(KNSI) — The recent failures of at least three banks may fan public fears about what will happen to our money locally, but Falcon National Bank Chief Executive Officer John Herges explains to KNSI that failed lenders like Silicon Valley Bank significantly differ from community financial institutions here.
“Let’s take Falcon National Bank, for example. When we take in deposits we turn around and make it into loans. We don’t go out and buy bonds and securities. We buy some, but not to the extent that they were.”
The SVB failure Friday was the largest since the 2008 financial crisis.
Herges says tech companies were so flush with cash when money was easy to come by, and interest rates were held at zero percent; Silicon Valley Bank couldn’t find enough loans to make with all the deposits they had on hand. They could either sit with that extra cash earning nothing, diversify to other industries, or buy long-term government treasury bonds. Once rates normalized, bond values fell, and the tech companies needed to tap into their cash reserves held at SVB. The combination led to a run on the bank.

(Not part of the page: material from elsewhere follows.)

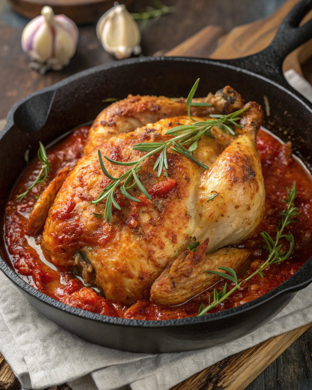 Quando penso al pollo alla cacciatora, mi viene subito in mente la domenica in famiglia, quando mia nonna metteva su il suo famoso tegame, e tutta la casa si riempiva di profumi che sembravano baciarti il cuore. Ecco, oggi ti propongo una versione veloce di questa bontà, perfetta per quando hai voglia di un piatto ricco e confortante ma senza passare ore davanti ai fornelli. Ti prometto che, tra il profumo di pomodoro, rosmarino e aglio che sfrigolano, ti sembrerà di stare proprio nella sua cucina, con in mano un buon bicchiere di vino. Pronta a cucinarlo insieme?

Herges says the lender was too reliant on technology companies and speculative venture capital firms.
“That’s why you look at concentration levels all the time. Yes, they could have avoided that [failing]. They could have spread their deposits out, not just making it in one industry or what have you.”
The SVB collapse was followed by the seizure of crypto banks Signature and Silvergate, which federal regulators took over on Sunday.